[Data shown — start]

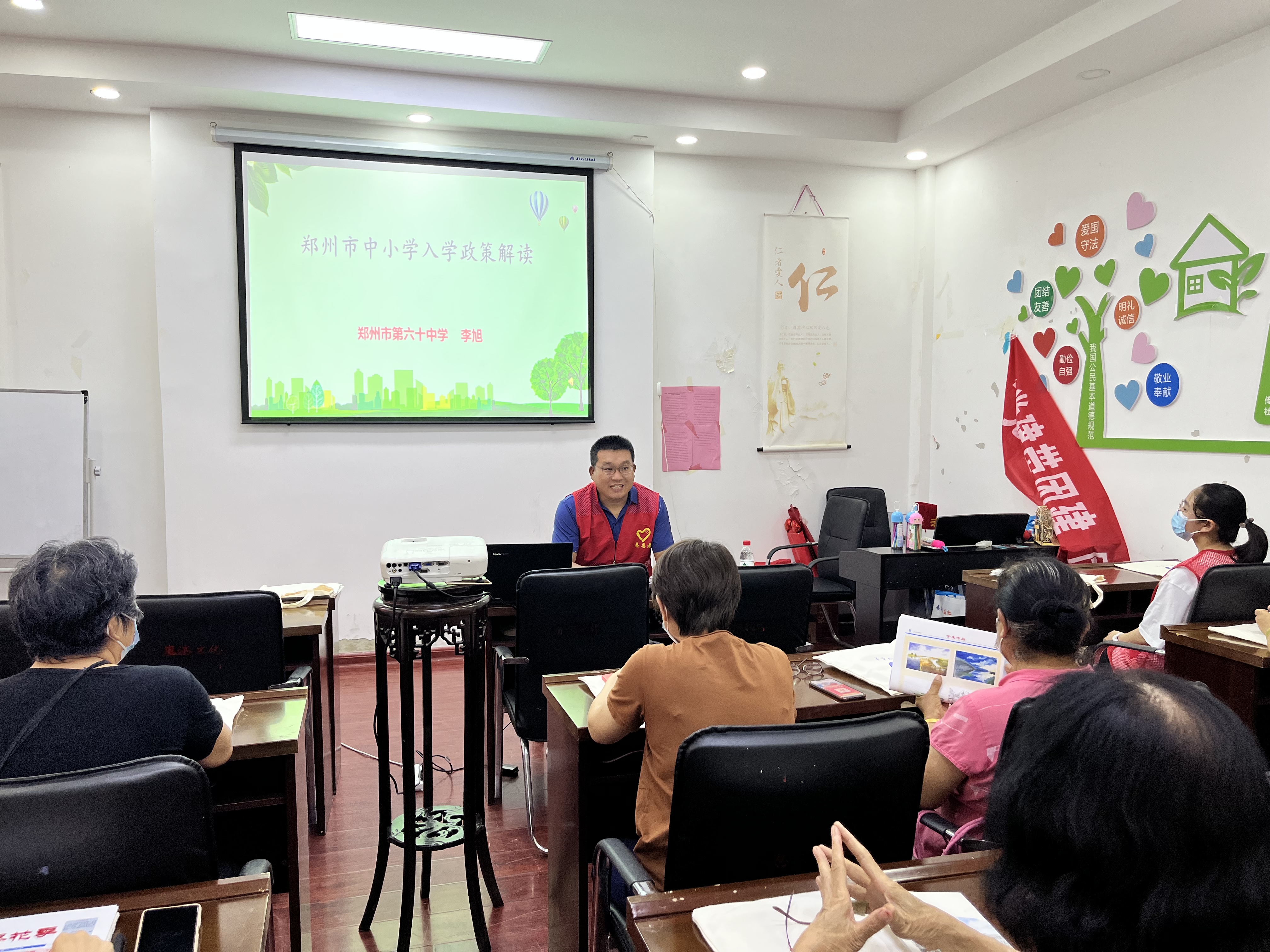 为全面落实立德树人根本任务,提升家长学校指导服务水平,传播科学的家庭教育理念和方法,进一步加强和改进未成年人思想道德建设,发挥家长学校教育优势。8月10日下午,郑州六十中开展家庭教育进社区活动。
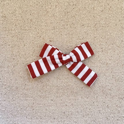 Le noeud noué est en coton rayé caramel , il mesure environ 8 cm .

[Data shown — finish]
[Data shown — start]

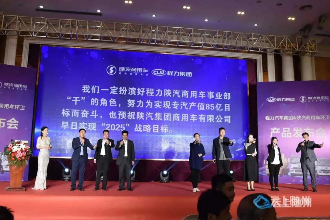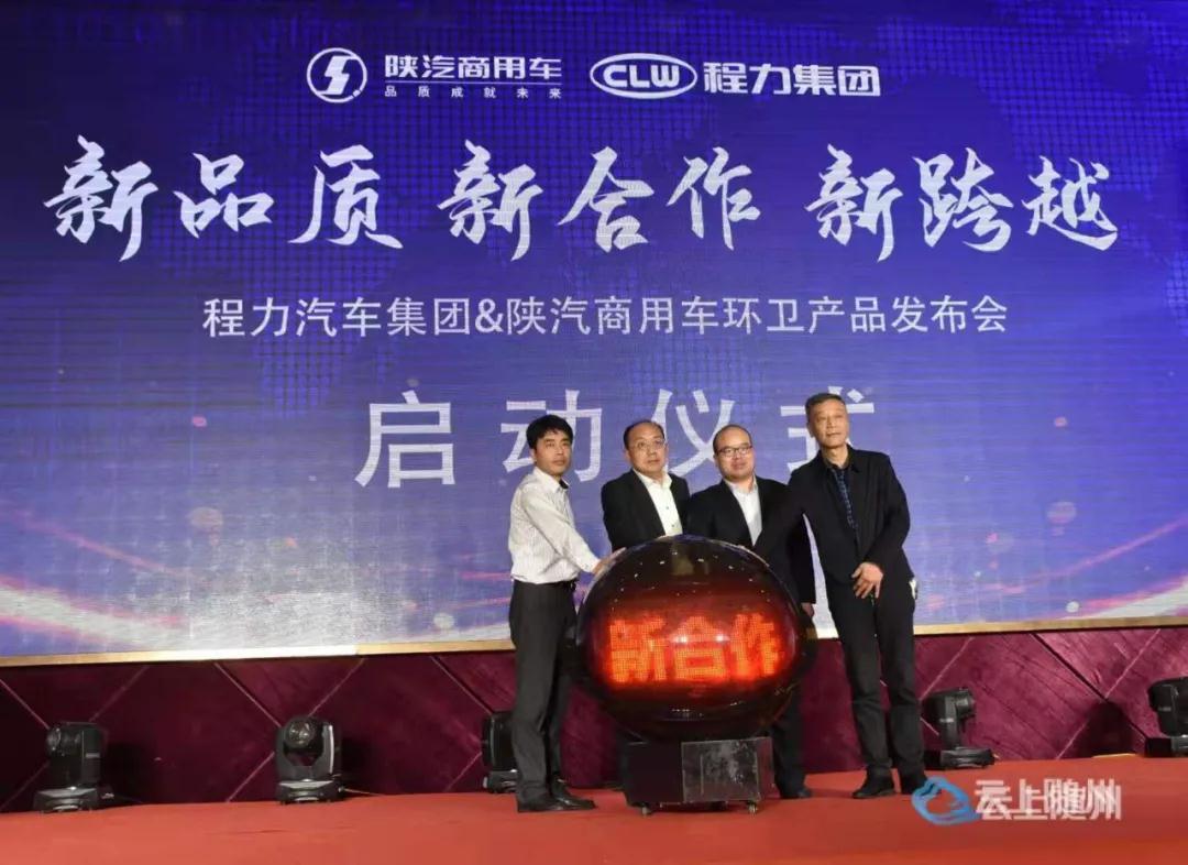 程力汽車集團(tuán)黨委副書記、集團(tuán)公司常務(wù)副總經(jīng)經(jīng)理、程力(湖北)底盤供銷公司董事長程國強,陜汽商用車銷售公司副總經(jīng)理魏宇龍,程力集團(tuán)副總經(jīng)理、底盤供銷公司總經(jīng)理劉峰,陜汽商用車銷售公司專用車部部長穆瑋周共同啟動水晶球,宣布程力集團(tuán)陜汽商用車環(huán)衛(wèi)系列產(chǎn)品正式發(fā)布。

[Data shown — finish]

> About this exercise
Using the listing above, reproduce word for word every line from the one containing "为全面落实立德树人根本任务,提升家长学校" through the one containing "Le noeud noué". Pictures must be left out.

> Your solution
 为全面落实立德树人根本任务,提升家长学校指导服务水平,传播科学的家庭教育理念和方法,进一步加强和改进未成年人思想道德建设,发挥家长学校教育优势。8月10日下午,郑州六十中开展家庭教育进社区活动。
 Le noeud noué est en coton rayé caramel , il mesure environ 8 cm .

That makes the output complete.